For example, for each audio source c, based on a simulated traveling distance DRic obtained by sampling, the computer device determines a number of simulated reflections RRic corresponding to the simulated traveling distance DRic.
In some embodiments, that the computer device determines a number of simulated reflections based on the simulated traveling distance includes: For each audio source, the computer device determines the corresponding number of simulated reflections based on the positive correlation between the simulated traveling distance and the number of simulated reflections as well as the simulated traveling distance obtained by sampling. In some embodiments, the positive correlation includes a positive proportional relationship. Correspondingly, the computer device determines the corresponding number of simulated reflections based on a preset positive proportional coefficient between the simulated traveling distance and the number of simulated reflections as well as the simulated traveling distance.
Step S210: Determine a reflection coefficient based on the environmental-spatial parameter, and respectively determine, based on the reflection coefficient, the simulated traveling distance, and the number of simulated reflections, a simulated reflection loss corresponding to each audio source.

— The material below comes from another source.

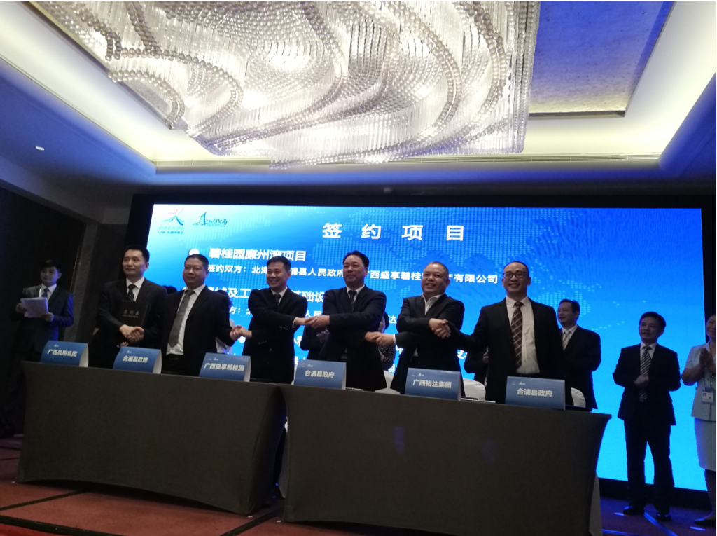 启动仪式上一同签约的项目还有广西盛享碧桂园地产有限公司开发建设的碧桂园廉州湾项目以及广西凤翔集团股份有限公司开发建设的“优质特色猪育种基地”建设项目。

The reflection coefficient is an energy attenuation coefficient of the audio signal, and is used for representing energy attenuation of the audio signal after sound absorption by a wall in a reflection process. The reflection coefficient is related to a simulated environment. For example, a rougher wall in the simulated environment indicates greater energy attenuation of the audio signal after sound absorption by the wall in the reflection process, and a smaller reflection coefficient. In some embodiments, the reflection coefficient may be determined based on an environmental reverberation parameter and an environmental furnishing parameter. For example, a reflection coefficient RC is empirically estimated based on an environmental reverberation parameter T60 and an environmental furnishing parameter R.

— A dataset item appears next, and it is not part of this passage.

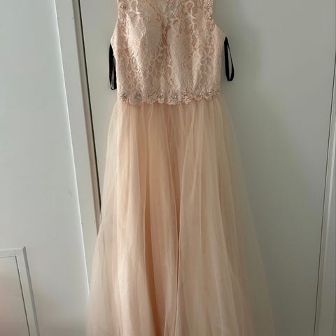 Vila festklänning i storlek S. Klänningen är rosa och tillverkad i polyester. Överdelen har spetsliknande mönster med ärmlös skärning och rundad halsringning fram. Baksidan har dragkedja för stängning. Nederdelen är lång med tunn tyllkjol. Passar till fest, bal och bröllop.

In some embodiments, that the computer device determines a reflection coefficient based on the environmental-spatial parameter, and respectively determines, based on the reflection coefficient, the simulated traveling distance, and the number of simulated reflections, a simulated reflection loss corresponding to each audio source includes: Based on the environmental-spatial parameter, the computer device determines the reflection coefficient corresponding to the current simulated scenario, to represent an energy loss of the audio signal during each reflection under the current simulated scenario. For each audio source, the computer device determines each simulated traveling distance corresponding to the audio source and determines the number of simulated reflections that is obtained based on the simulated traveling distance. On this basis, with reference to the simulated traveling distance, the computer device may calculate a corresponding simulated reflection loss for each reflection. The simulated reflection loss represents an energy loss after reflection when a simulated sound wave propagates in space represented by the current simulated scenario.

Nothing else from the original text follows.